> [EXERCISE REQUIREMENTS] Your response should be an exact transcription of the data, images excluded.

> [DATASET EXTRACT]
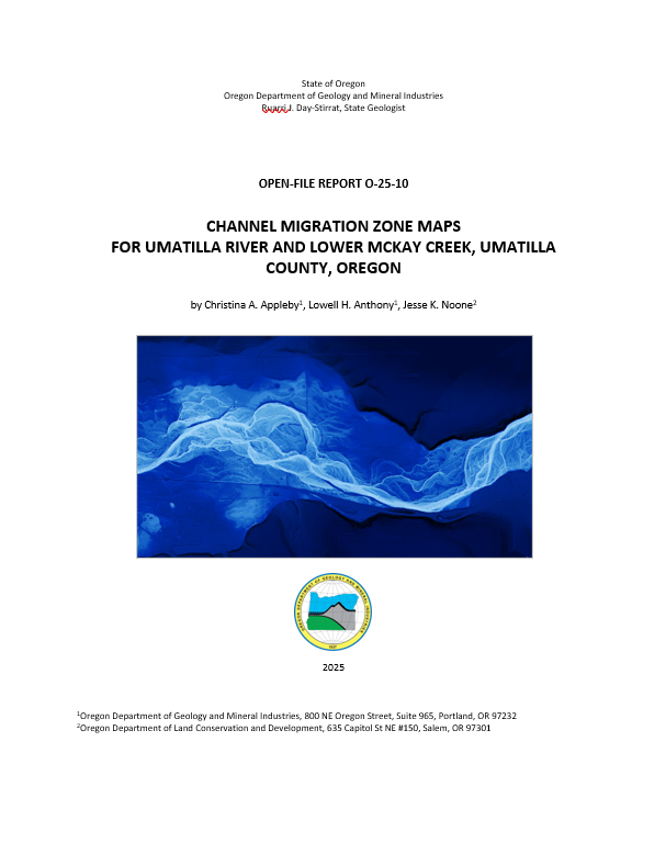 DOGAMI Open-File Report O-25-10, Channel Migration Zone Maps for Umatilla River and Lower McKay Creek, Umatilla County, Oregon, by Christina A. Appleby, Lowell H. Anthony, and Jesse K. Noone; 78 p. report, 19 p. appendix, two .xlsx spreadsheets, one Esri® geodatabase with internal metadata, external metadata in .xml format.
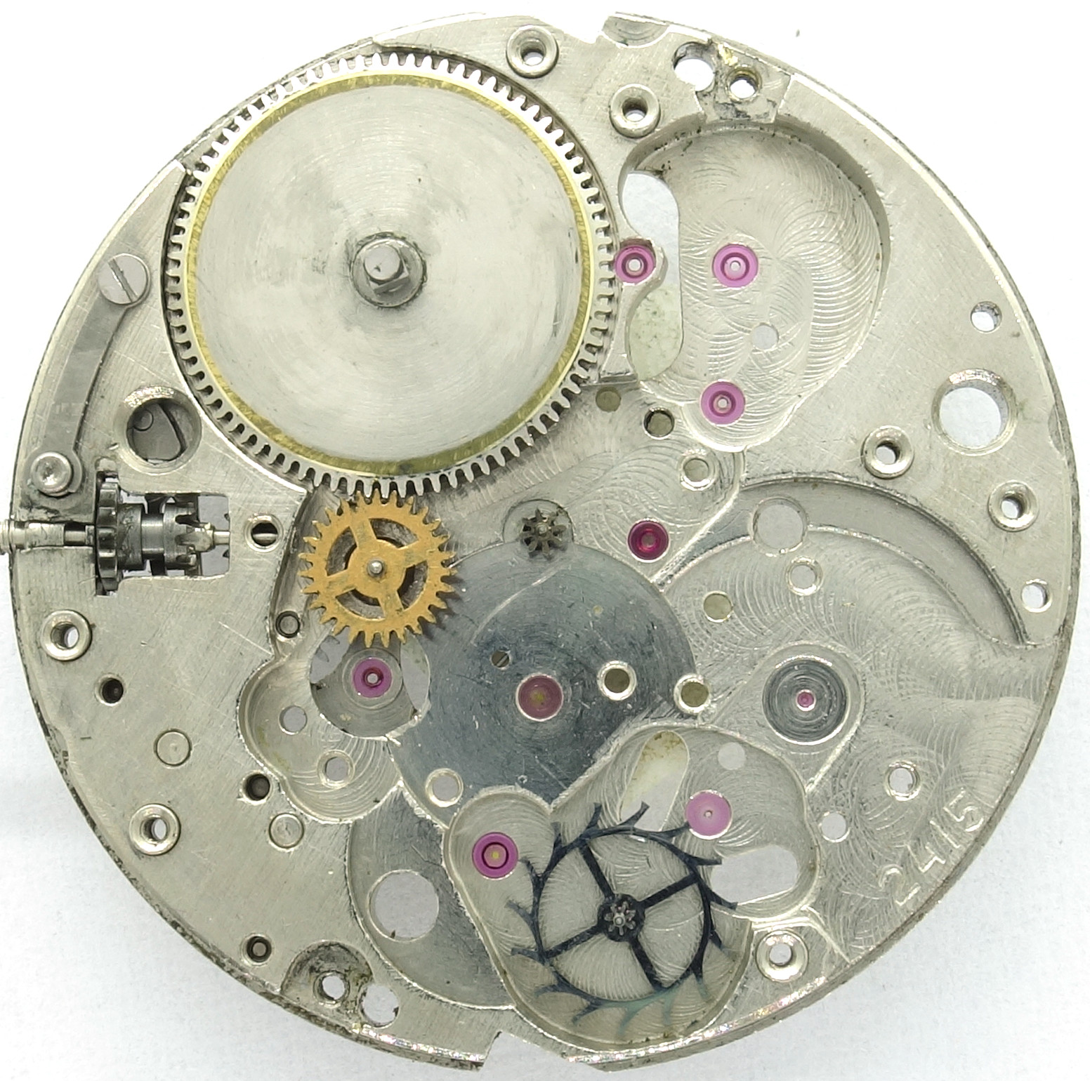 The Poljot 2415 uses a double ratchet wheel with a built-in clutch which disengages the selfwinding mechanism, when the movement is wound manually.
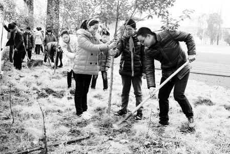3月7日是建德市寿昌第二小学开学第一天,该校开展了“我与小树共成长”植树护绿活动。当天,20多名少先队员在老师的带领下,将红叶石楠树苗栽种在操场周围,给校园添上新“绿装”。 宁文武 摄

> [EXERCISE SOLUTION]
 DOGAMI Open-File Report O-25-10, Channel Migration Zone Maps for Umatilla River and Lower McKay Creek, Umatilla County, Oregon, by Christina A. Appleby, Lowell H. Anthony, and Jesse K. Noone; 78 p. report, 19 p. appendix, two .xlsx spreadsheets, one Esri® geodatabase with internal metadata, external metadata in .xml format.
 The Poljot 2415 uses a double ratchet wheel with a built-in clutch which disengages the selfwinding mechanism, when the movement is wound manually.
3月7日是建德市寿昌第二小学开学第一天,该校开展了“我与小树共成长”植树护绿活动。当天,20多名少先队员在老师的带领下,将红叶石楠树苗栽种在操场周围,给校园添上新“绿装”。 宁文武 摄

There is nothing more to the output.